Google Site Index - sitemap.xml Example
This workflow is designed to automate the processing of the website's sitemap.xml file, extracting and sorting all page URLs along with their last modified times. By calling the Google Indexing API, it checks the indexing status of each URL in real-time and automatically triggers update requests, thereby efficiently maintaining the website's index. This process is suitable for website administrators and SEO experts who frequently update content, helping them save time and enhance search engine visibility, ensuring that the latest content is indexed promptly.

Workflow Name
Google Site Index - sitemap.xml Example
Key Features and Highlights
This workflow automatically fetches a website's sitemap.xml file, parses all child sitemaps, and extracts and sorts all page URLs along with their last modification dates (lastmod). By leveraging the Google Indexing API, it checks the indexing status of each URL, identifies pages that require updates, and automatically triggers URL update requests to Google, enabling efficient indexing and content updates for the website.
Core Problems Addressed
- Automates handling of multi-level sitemap structures, eliminating the need to manually check URLs one by one.
- Monitors page content updates in real-time to prevent search engine indexing delays.
- Utilizes the Google Indexing API to precisely control URL indexing and updates, enhancing website visibility and ranking in search engines.
- Reduces omissions and delays caused by manual operations, improving overall work efficiency.
Use Cases
- Website administrators and SEO specialists who need to regularly maintain and optimize website indexing status.
- Large websites with frequently updated content and complex sitemap structures.

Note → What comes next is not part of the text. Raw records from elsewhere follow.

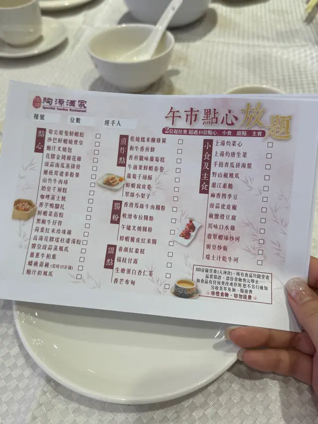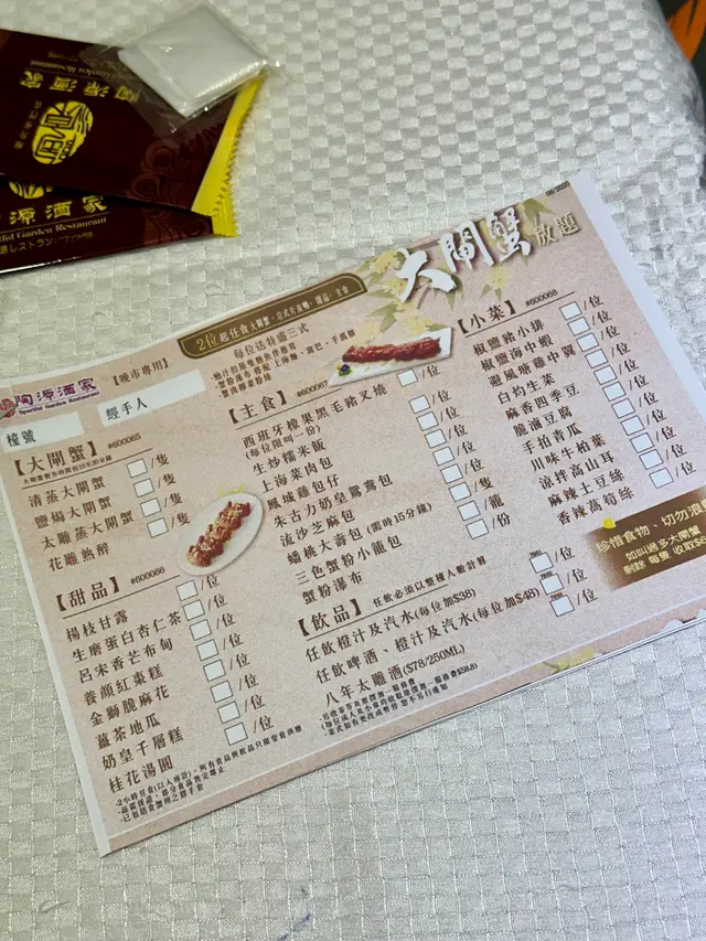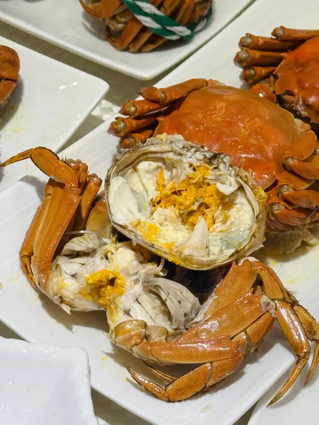 大閘蟹季節又到了,這次來到陶源酒家食大閘蟹放題,價錢$528,限時2小時任食大閘蟹,另外還有片皮鴨,更加送特色三盛:▪️鮑汁扣原隻鮑魚伴椎茸▪️蟹粉瀑布搭配上海麵•窩巴•手抓餅▪️蟹肉椰菜粉絲等還有多款前菜、小菜、主食和甜品可任食🦆片皮鴨2人份都好大碟,皮脆肉嫩,搭配香蔥、青瓜絲和餅皮,鹹鹹甜甜好惹味🦀大閘蟹主角大閘蟹約3-4両,煮法可選擇4種▪️清蒸大閘蟹▪️鹽焗大閘蟹▪️太雕蒸大閘蟹▪️花雕熟醉我最鍾意清蒸,可以保持到原汁原味,隻隻都好多蟹膏,鮮甜又甘香當晚整體上菜速度都尚算快,最後當然要食埋甜品,除了必吃嘅薑茶配湯圓、還叫咗香芒布甸、楊枝金露、奶皇千層糕,食得好滿足🎁優惠全攻略🧑🧑🧒🧒家庭優惠 - 買2位,免費1位1.2米或以下小童🧑🎓學生優惠 - 全檯可免$58.8加一服務費🎂生日優惠 - 全檯免費升級可任飲啤酒汽水👴樂悠卡優惠 - 持卡者可免茶芥及3位或以上贈送太雕一壺*以上4個優惠更可同時享用,需出示有效證明*…查看更多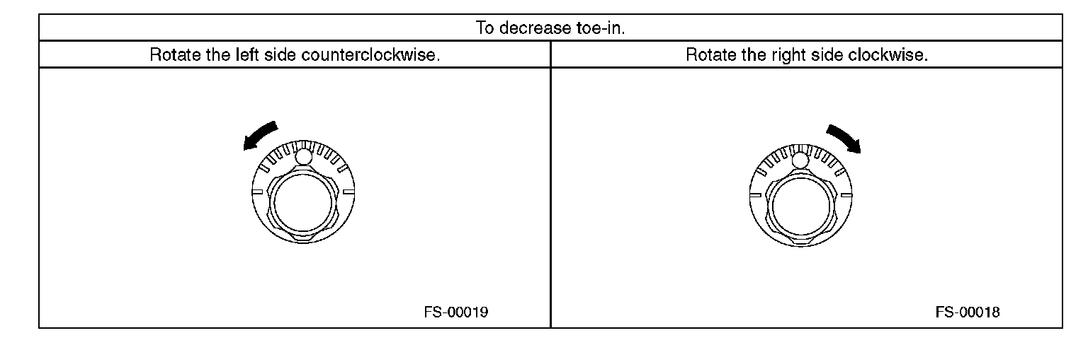 2) When one rear wheel is adjusted in a toe-in direction, adjust the other rear wheel equally in toe-out direction, in order to make the thrust angle adjustment.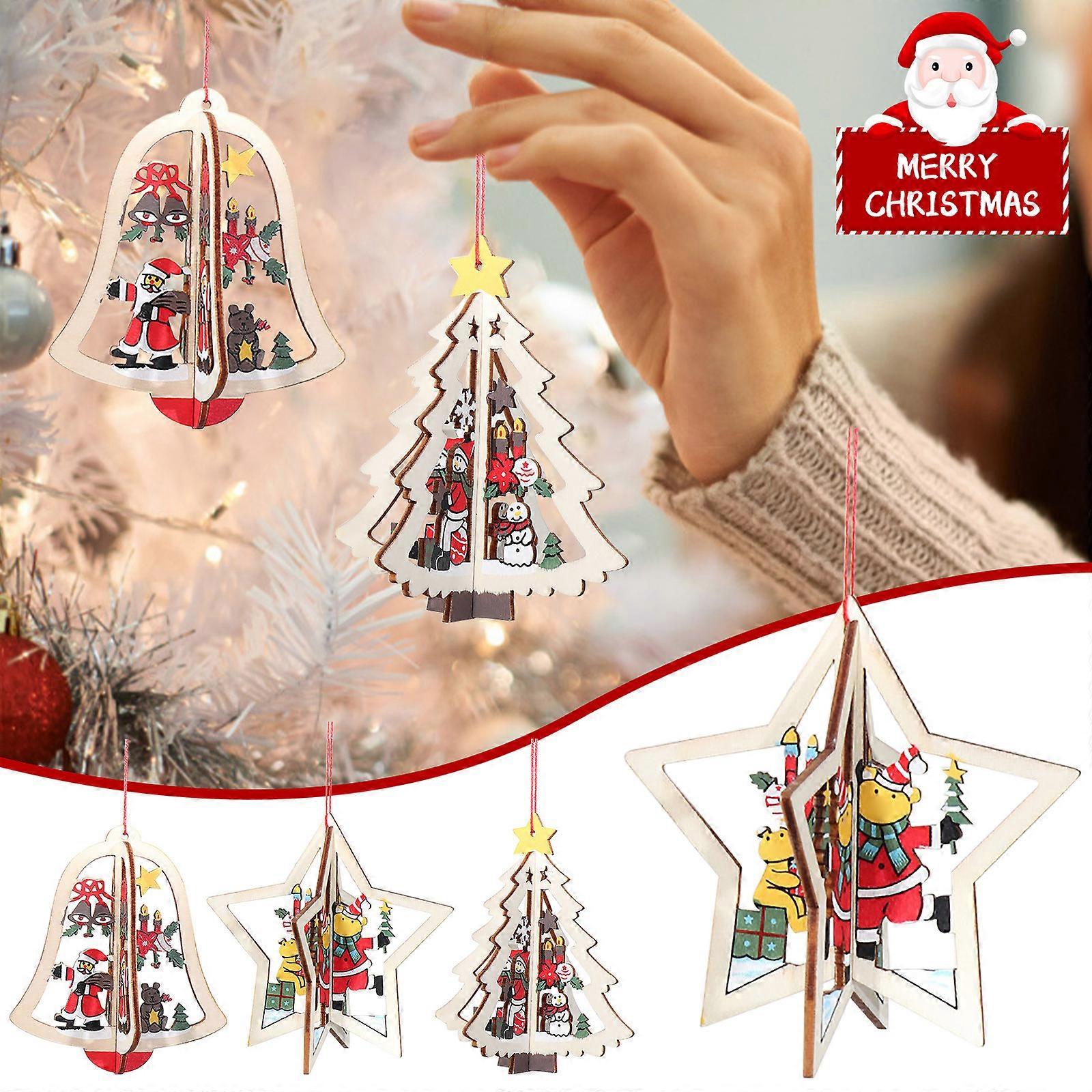 Christmas Hollow Wooded Xmas Tree Bell Star Pendant Pentagram Bells Trees Snowman Christmas Lovely Hanging Decorations Navidad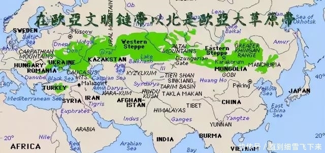 而要讲匈奴时代,无论如何都必须要从欧亚大草原来谈起。欧亚文明链带以北是欧亚大草原,从东到西,东边是松花江,呼伦贝尔草原,西边是喀尔巴阡盆地、匈牙利,两头都是尖的,好像一个大网,中间吞了两头大象,一个是蒙古草原,一个是今天所谓的哈萨克草原。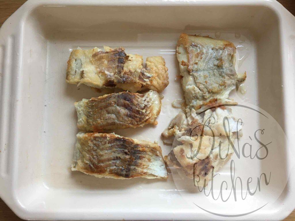 However, any firm, white-fleshed fish that suits your taste buds would go for this recipe. You wouldn’t go wrong with cod (if you like milder flavours), haddock (if you like it more flavourful), red snapper (for its sweet-nutty flavour) or coalfish (it’s an excellent, inexpensive fish).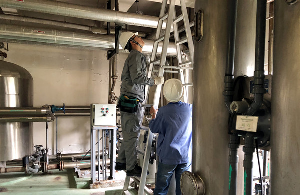 6月25日,高空灯具更换竞赛开始,参赛队伍共四组,按抽签顺序进行比赛,比赛内容是软化水间老旧灯具更换。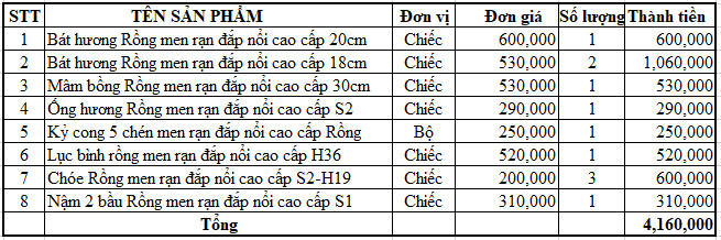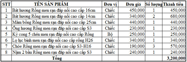 + Kích thước: tuỳ theo kích thước của mỗi bàn thờ mà gia chủ có thể chọn các bộ sau: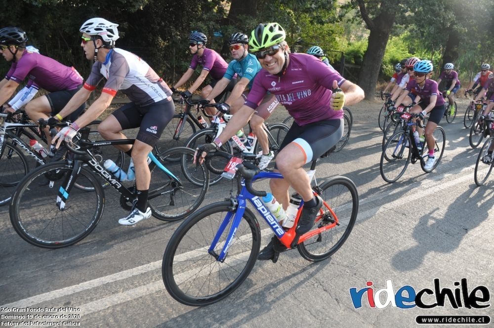 Finalmente faltando 20 km logró encontrar una buena rueda y nos venimos a buen ritmo (30-35 k/h). Entramos en la Viña Santa Cruz y aún nos queda una larga vuelta por camino de tierra con piedras, arena y huellas que exigen la máxima concentración y suerte para no pinchar faltando tan poco. Los últimos 300 metros son sobre maicillo compacto. Finalmente, en la meta, después de mucho sufrimiento disfrutamos de un estupendo post carrera con cerveza, masajes, música y una puntual entrega de premios.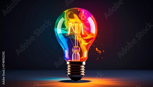 colorful electric glowing light bulb glowing with rainbow colors, orange, bold and vibrant, business concept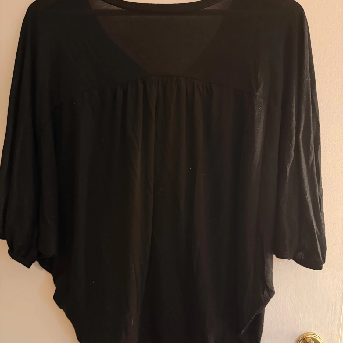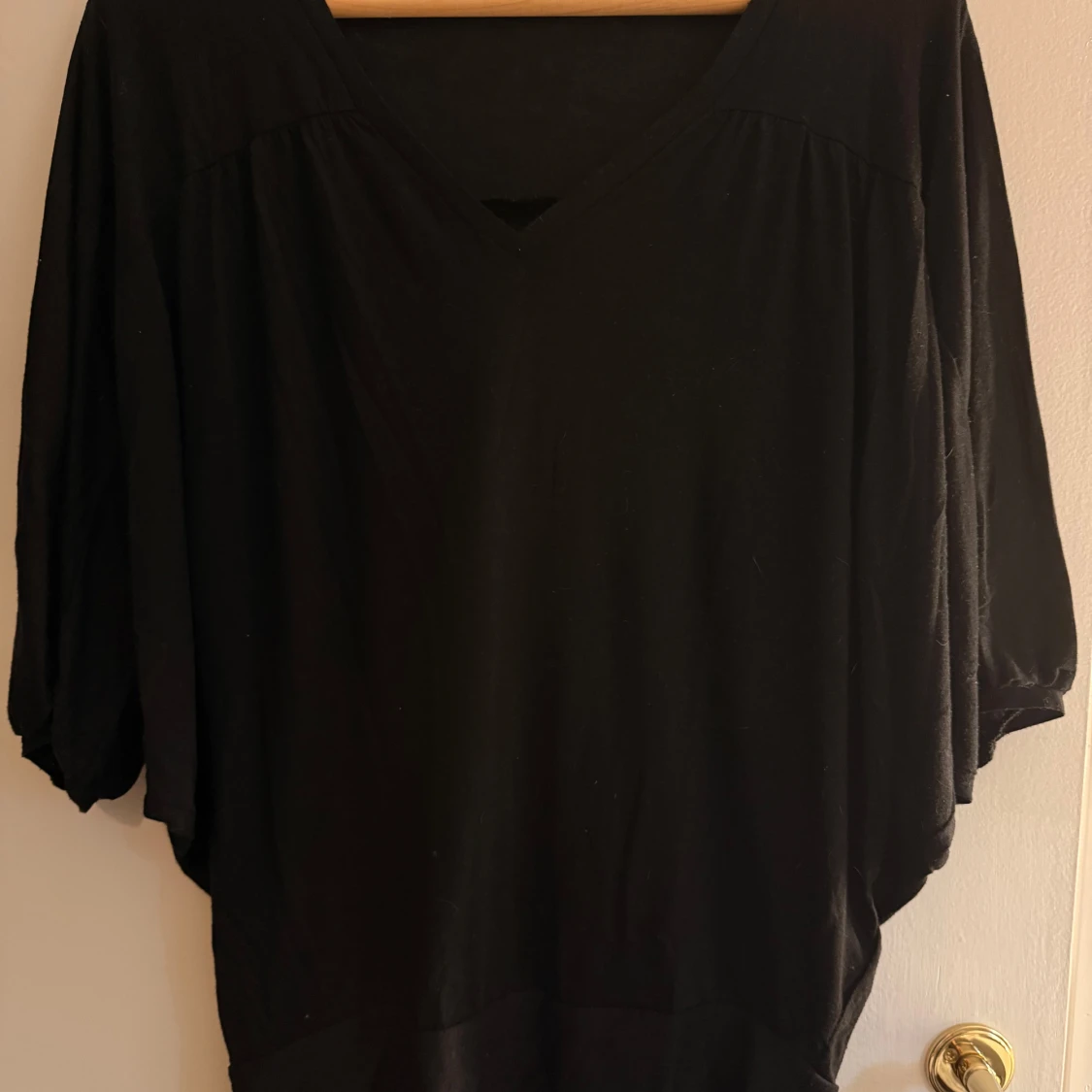 Svart v-ringad topp från Second Female i lös passform. Modellen har trekvartsärmar och är tillverkad i en mjuk blandning av viskos och polyester. Perfekt för dig som gillar en enkel men stilren look.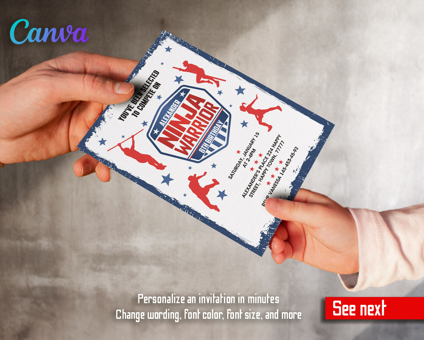 Printable Editable customizable American Ninja Warrior birthday party invitation digital template. Instant download invite.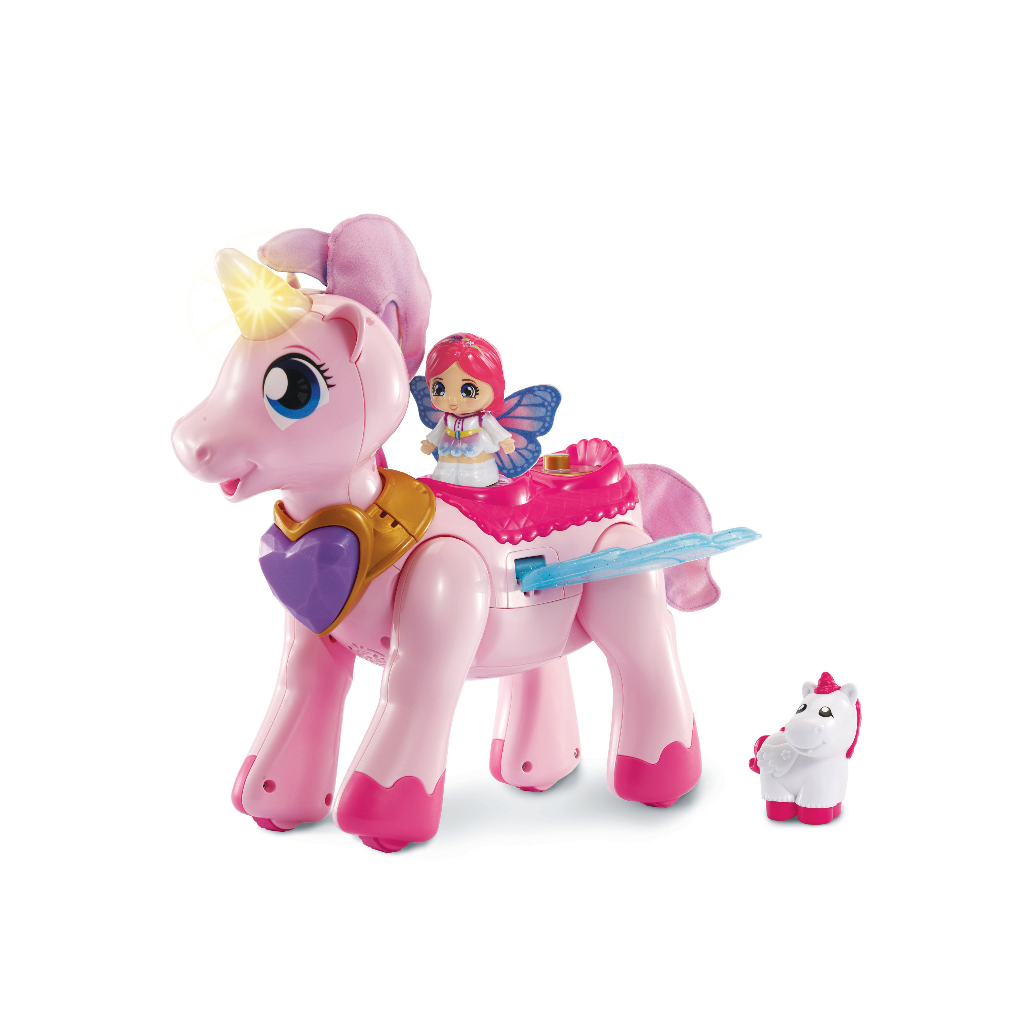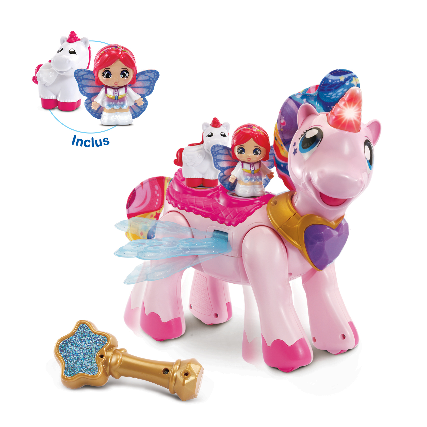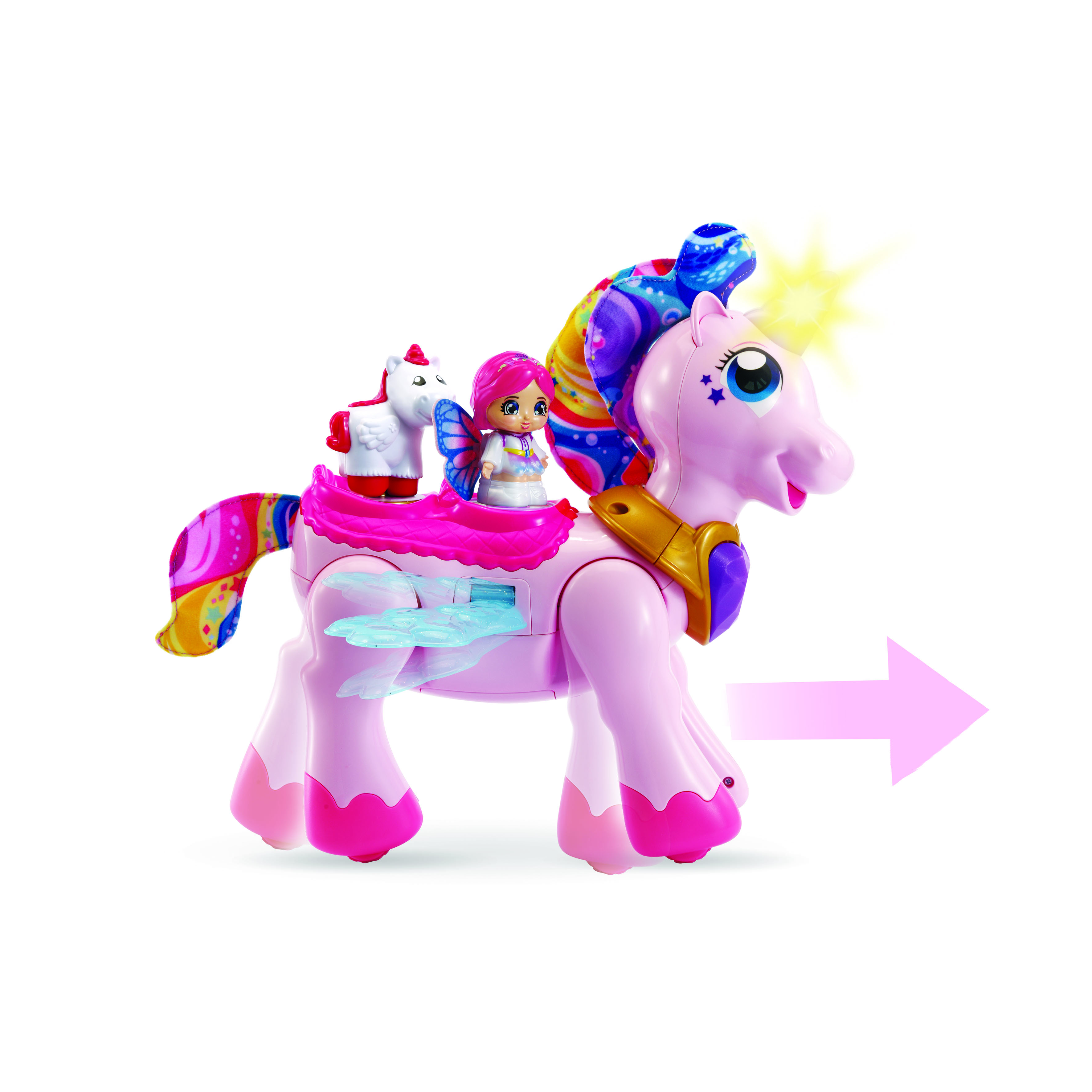 Tut Tut Copains - Cléophée, ma licorne enchantée - 1 - 5 ans Magique, quand on secoue la baguette magique, Cléophée la licorne avance, bouge la tête et bat des ailes. Super, sa corne s’illumine de différentes couleurs ! Cléophée se déplace également quand on place Melody fée jolie sur son dos ou quand on appuie sur son cœur. Un Tut Tut Copains inclus « Melody fée jolie » qui interagit quand on la place sur le dos de la licorne. Ses ailes colorées sont en tissu tout doux La crinière et la queue de la licorne sont en tissu. Lili le bébé licorne est inclus pour jouer ! 1 Rond Magique Compatible avec tous les personnages Tut Tut Copains. 5 chansons et 12 mélodies Arrêt automatique. Boîte Try-me 4 piles LR6/AA fournies

- Scenarios requiring automated push of page updates to Google to ensure rapid inclusion of the latest content.
- Any business or individual aiming to improve their website’s search engine performance.
Main Workflow Steps
- Scheduled Trigger: Automatically initiates the workflow daily at midnight.
- Fetch sitemap.xml: Retrieves the main sitemap file of the website.
- Parse Sitemap: Converts the XML sitemap into JSON format, splits, and obtains all child sitemaps.
- Fetch Child Sitemap Content: Sequentially retrieves page data from each child sitemap.
- Data Consolidation: Formats page data uniformly, ensuring the URL list is represented as an array.
- Sort Pages: Orders all pages in descending order based on the lastmod field.
- Process Each Page in Loop:
- Calls the Google Indexing API to query the indexing status and last notification time of the URL.
- Determines if the page is new or updated (lastmod is later than the last notification time).
- For qualifying pages, triggers a URL update notification via the Google Indexing API.
- Waits randomly between 0.3 to 1.5 seconds after each request to avoid sending requests too rapidly.
Involved Systems and Services
- Google Indexing API: Used for checking and pushing URL indexing status.
- HTTP Request Nodes: Fetch sitemap.xml and related content.
- XML Parsing Nodes: Convert sitemap XML into JSON structure.
- Scheduled Trigger: Enables automated timed execution.
- Manual Trigger: Supports manual test execution.
- Data Processing Nodes: Handle splitting, sorting, conditional checks, and batch looping.
Target Users and Value
- SEO professionals and website administrators seeking to accelerate search engine recognition and indexing of website content.
- Website operation teams with frequently updated content, automating index push management and saving significant manual effort.
- Technical personnel and developers who need to monitor and optimize Google indexing status.
- Multi-content channel websites such as corporate sites, news portals, and blogs, ensuring timely crawling by search engines.
This workflow enables users to achieve a closed-loop process from automated sitemap fetching to Google indexing status checking and update pushing, significantly enhancing website SEO maintenance efficiency and search engine performance.